Home > Opinion > Columns > Opinion | A lot can happen over a private equity-coffee blend

V .G. Siddhartha has many firsts to his credit and that list now includes the manner of his mysterious disappearance and the equally mystifying letter he has purportedly left behind. Boardrooms and corner offices have been buzzing ever since the news of his disappearance and discovery of his body. While the circumstances and nature of his untimely demise will be intensely debated in the coming months, these conversations will find it difficult to sidestep related issues about regulatory red lines, the tightening embrace between business and politics, or the nature of certain foreign investments. Many questions have already been raised about the linkages between Indian businesses, the tax regime and the political ecosystem, but perhaps it is also time to introspect on the friends of businesses: Private equity (PE) firms.

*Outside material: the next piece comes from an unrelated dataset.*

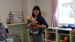 本日は皆さん興味あると思われる「抱っこ&おんぶひものつけ方講習会」でした。講師は満のメンバーでもある河村まりこさん。
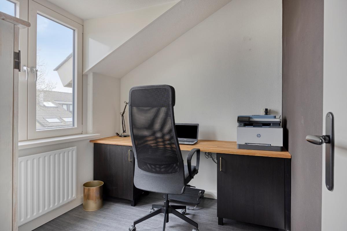 Slaapkamer 1: Deze slaapkamer is gelegen aan de voorzijde en op dit moment in gebruik als werkruimte.

The manner of Siddhartha’s death has forced many issues out in the open and these must be answered or resolved comprehensively. At stake is India’s reputation as a business destination and its promise of unwavering adherence to the rule of law. Siddhartha’s last letter, apparently written two days before he walked out of home for the last time, captures his despair: “I fought for a long time but today I gave up as I could not take any more pressure from one of the private equity partners forcing me to buy back shares, a transaction I had partially completed six months ago by borrowing a large sum of money from a friend. Tremendous pressure from other lenders lead to me succumbing to the situation. There was a lot of harassment from the previous DG income tax in the form of attaching our shares on two separate occasions to block our Mindtree deal and then taking position of our Coffee Day shares although the revised returns have been filed by us. This was very unfair and has led to a serious liquidity crunch."

The elephant in the room is the tax persecution to which Siddhartha has alluded, but which remains unproven so far. The income tax authorities issued a press release on Tuesday, the day the letter was disclosed to the public, defending their actions and accusing Siddhartha of tax evasion, which he, sadly, is in no position to counter. This is the tragedy’s unfortunate aspect: Both have accused each other without providing any proof and it is now up to readers to draw their own conclusions from this tragic turn of events.

The questions will continue to linger. For one, why did the income tax action unfold just before the elections, especially in light of Siddhartha’s known links with the Karnataka Congress? Or, what is Siddhartha hiding when he claims in his letter, “My team, auditors and senior management are totally unaware of all my transactions. The law should hold me and only me accountable, as I have withheld this information from everybody, including my family"? The board, acting under an interim chairman, has promised to probe all past transactions.

The clincher, one that has the financial services industry speculating, is a reference to a “private equity partner". While little is known about this, larger questions have arisen about the conduct of PE players and whether the current regulatory framework is adequate to govern their actions.

PE has been a saviour for the capital-starved Indian corporate sector. Consulting firm Bain and Company’s India Private Equity Report 2019 reported that PE investments in the country during 2018 touched $26.3 billion from 793 deals. The report also estimated the India-focused “dry powder" at $11.1 billion, an indication of the capital available for high-quality deals.

Here is where things get slippery. With so much capital chasing so few “good" assets, intensifying competition between PE firms for deals is leading to all kinds of distortions and forcing professionals to explore regulatory cracks. For one, there are already doubts about the provenance of investors in these funds, especially since very few PE firms actually deploy funds raised in domestic markets. In addition, competitive pressures are forcing many PE firms to design structured products for their clients, which could include a credit component. This gives rise to two problems. One, PE firms—as well as mutual funds (MFs)—have become default credit dispensers, after commercial banks and non-banking financial companies turned risk-averse, without necessarily having the requisite credit appraisal expertise or risk mitigation frameworks. But second, and more important, credit markets are regulated by the Reserve Bank of India and PE firms are answerable mostly to the Securities and Exchanges Board of India, which doesn’t have any credit capabilities. Consequently, a large segment of the financial services industry involved in dispensing credit is now operating in a grey regulatory zone. This has profound implications for contagion risks in an interconnected market; it is well known how some PE firms and MFs have already made a number of rash credit calls in the recent past, which have contributed, perhaps partially, to the credit market freeze.

There has been some discussion about the role of MFs lending money to entrepreneurs against the security of their shares in either the holding company or the operating firm, but there is complete regulatory radio silence about the ground rules needed—perhaps similar to those applicable to banks and NBFCs—for PEs or MFs to qualify as credit vendors. Hopefully, Siddhartha’s death will now spur some regulatory action.